Are there any art exhibitions worthy of a photo coming up? Do you want your memories to last a lifetime? This model has been trained to understand text and images as seamlessly as humans do. The first version of T-Bletchley represents a significant breakthrough in this mission. This latest release from Microsoft is the only one that can handle a wide variety of images effortlessly. T-Bletchley can also be used for image captioning, image translation, and object tagging applications.
T-Bletchley does a remarkable job of encoding images and text into vector representations that map with each other. This allows for semantically similar pictures and texts to align, leading to breakthroughs in image language understanding. An image with text is represented as a vector of parameters, denoting the presence or absence of content in different parts of the picture. This enables the model to quickly encode thousands of other images while maintaining high accuracy. Models need to account for the underlying data in a language-specific process to create a system that can perform better than human experts. This is a top-down approach that requires an understanding of language and complex knowledge representations.
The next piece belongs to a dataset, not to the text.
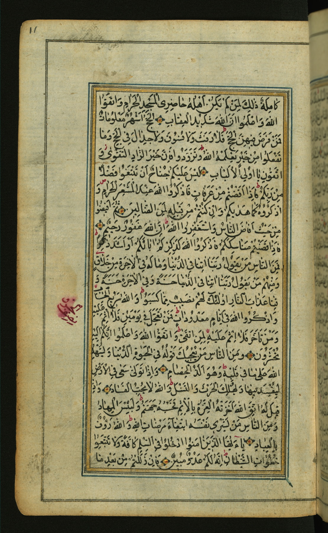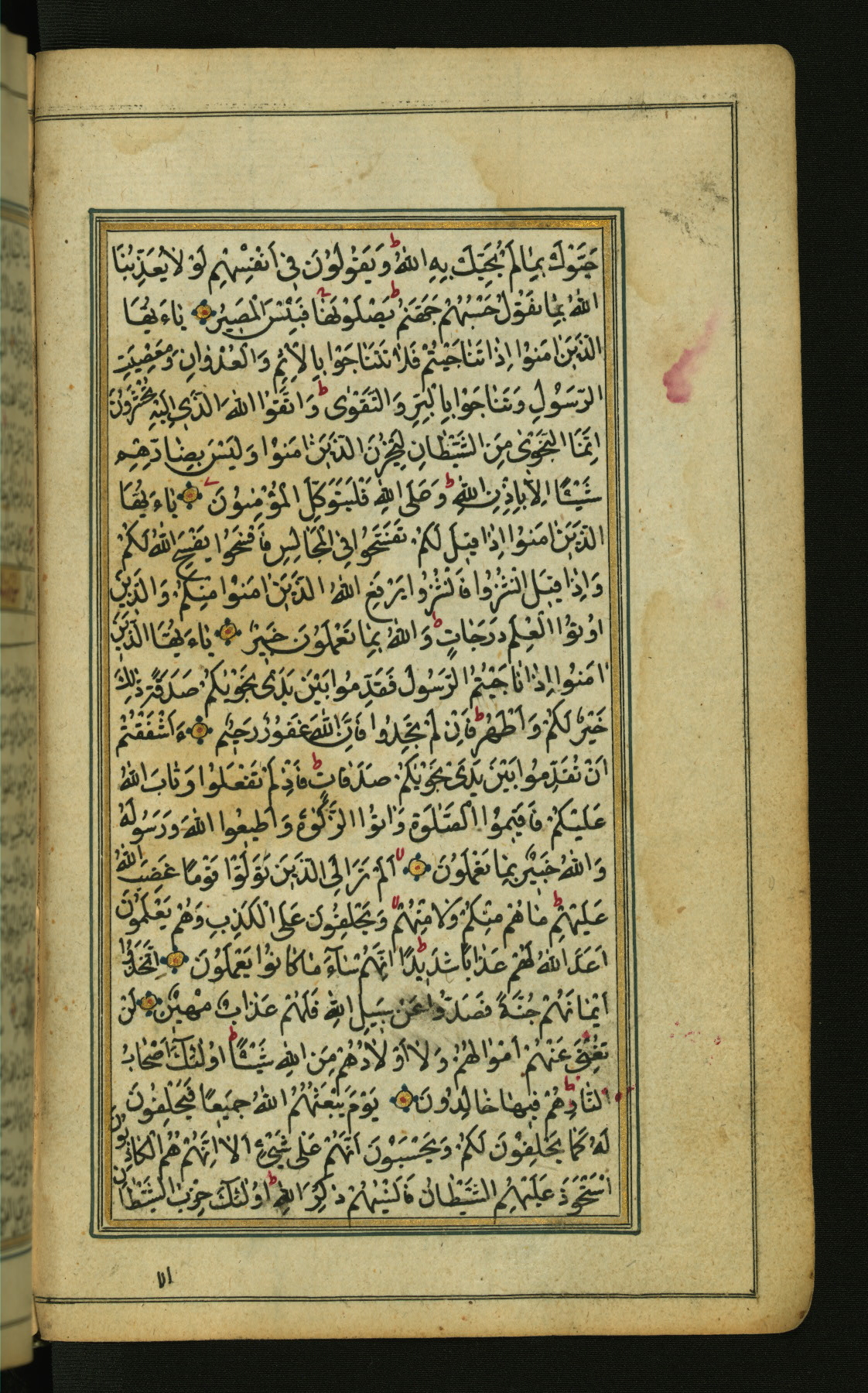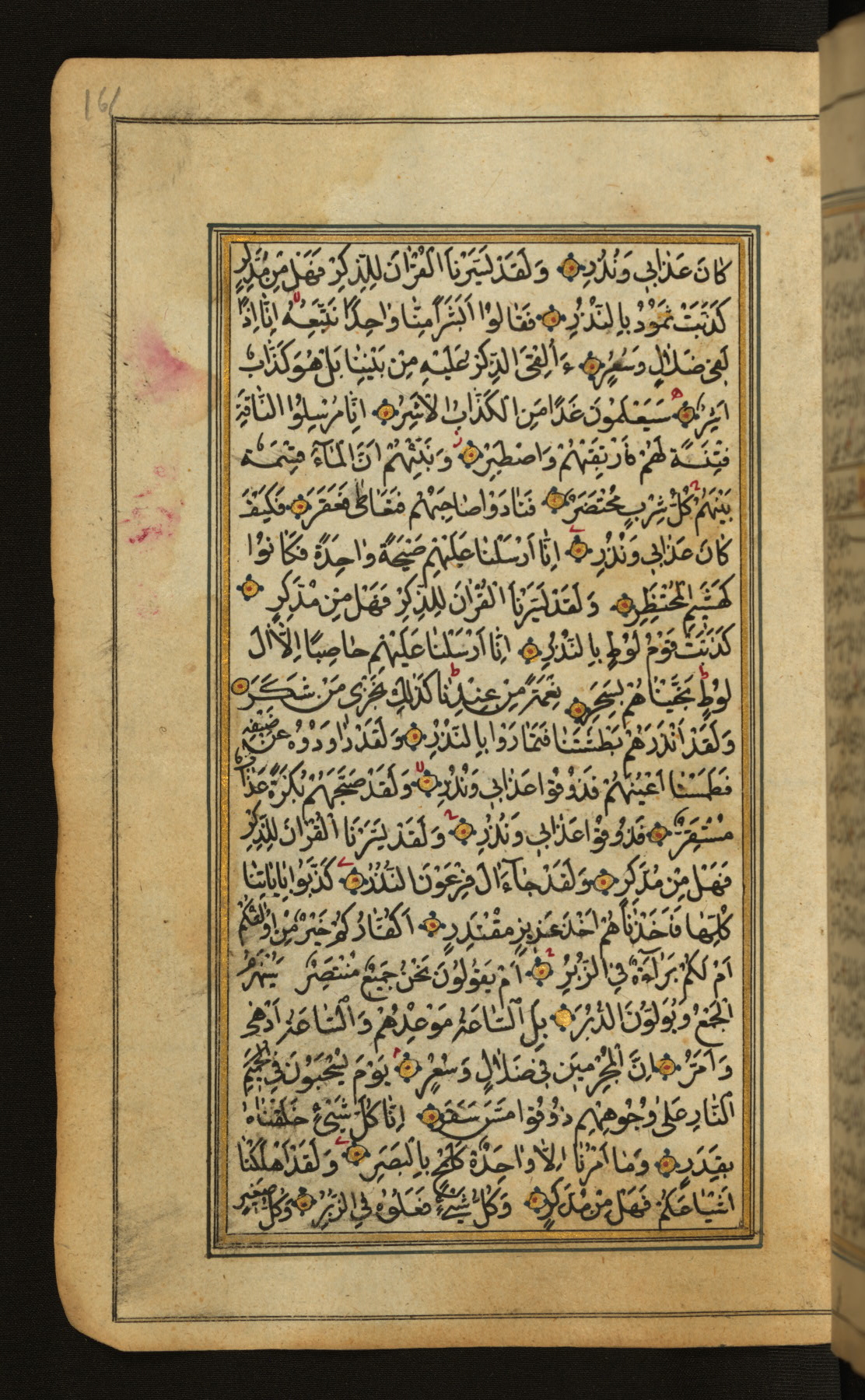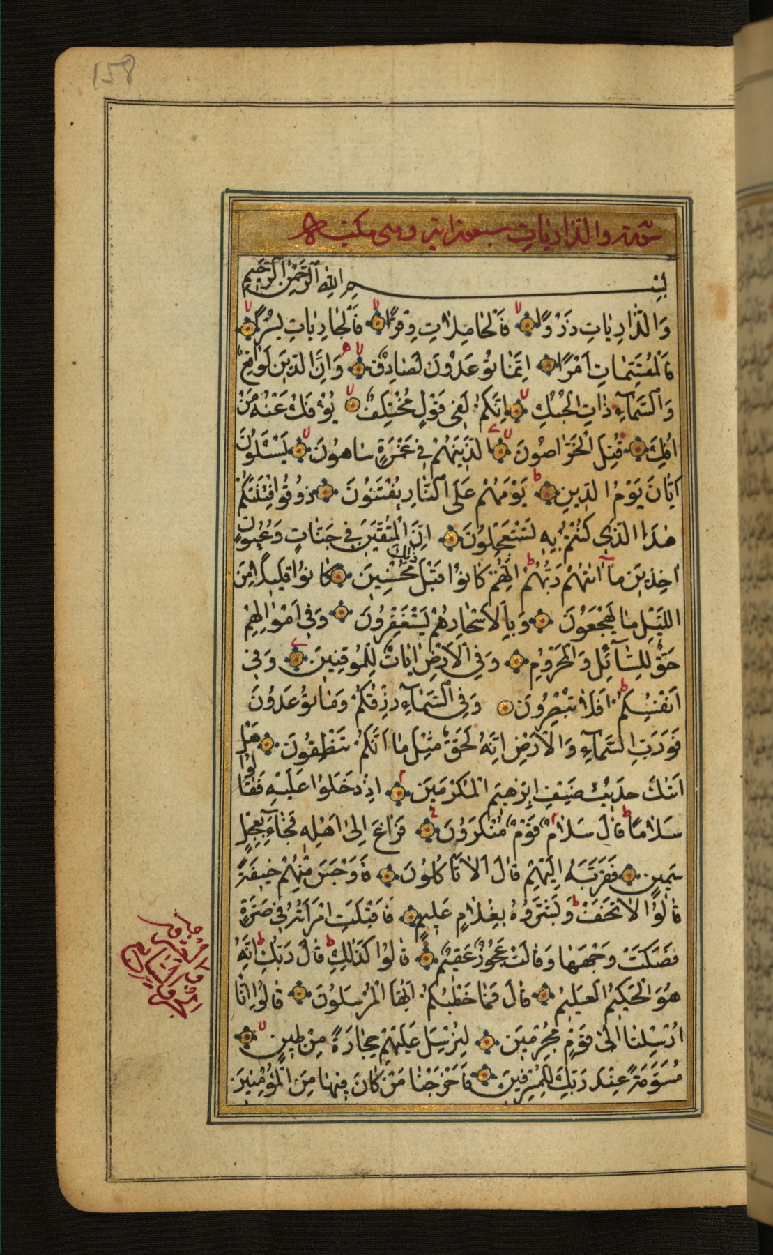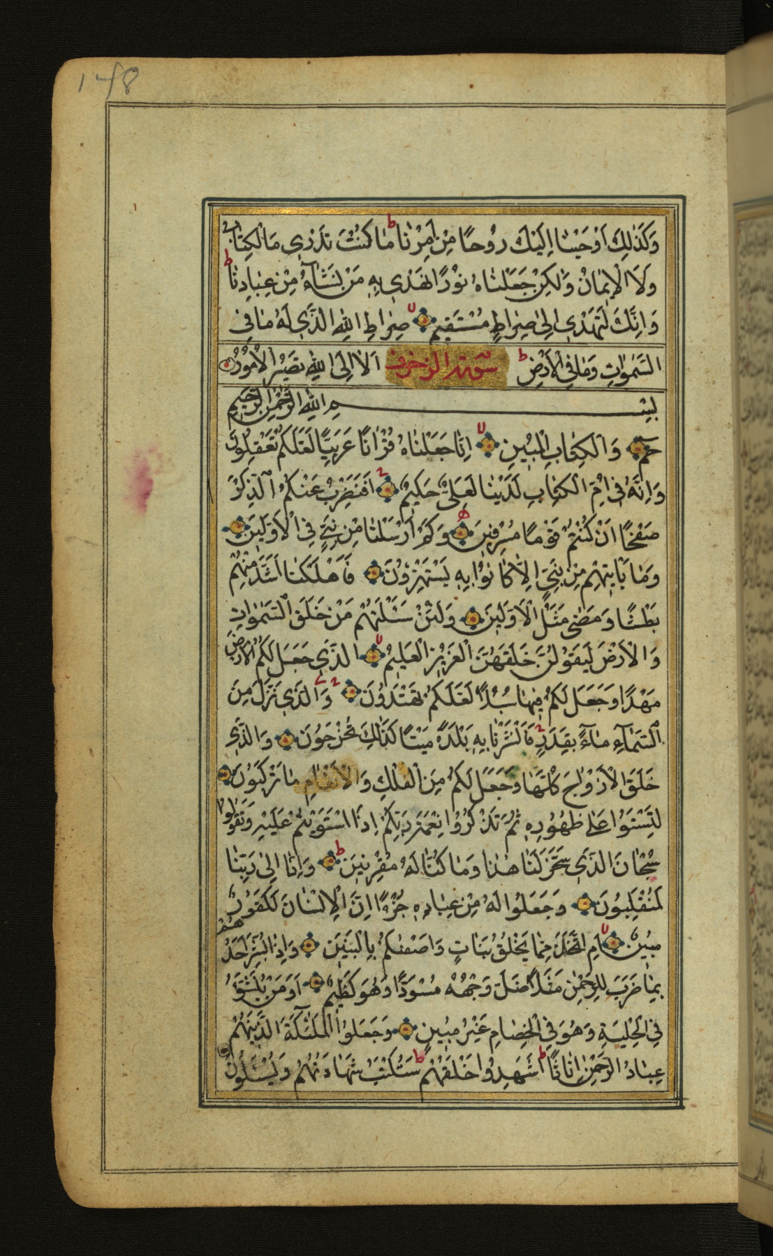 This manuscript is a small illuminated single-volume copy of the Qurʾan, likely produced in Iran. A date is inscribed on the final page, which is interpreted as 1230 AH / 1814-5 CE (fol. 186b). The manuscript opens with an illuminated double-page incipit with the verses of chapter 1 (Sūrat al-fātiḥah) and the initial verses of chapter 2 (Sūrat al-baqarah), decorated with interlinear illumination (fols. 1b-2a). The text is in vocalized naskh script in black ink with reading marks in red and text divisions, such as thirty verses (juzʾ) or sixty verses (ḥizb), in the margins. Illuminated discs with colored dots separate the verses. Chapter headings are in riqāʿ script in red ink on a gold ground. The nineteenth-century lacquer binding with a floral composition on a gold field on the upper and lower boards seems to be contemporary with the manuscript. The insides of both boards are painted with a lobed yellow central medallion and pendants on an orange field.

In contrast, T-Bletchley works over image analysis and deep learning with less reliance on grammatical rules and experience from experts. This bottom-up approach requires minimal understanding of the grammar and relies more on the computational analysis of visual data.
T-Bletchley brings together two different AI systems: (1) deep learning over images (e.g., image captioning, object recognition) and (2) hierarchical/graph-based probabilistic models for language processing (e.g., neural machine translation, syntactic parsing). T-Bletchley is general purpose and can be applied to a wide variety of tasks. Microsoft’s tool is a component for a bigger picture that considers the various modalities of language and their representation in images instead of or in addition to text. In T-Bletchley, language is extracted from images using a fundamental feature transform from image pixel values to vector elements specifically designed for image-to-language modeling.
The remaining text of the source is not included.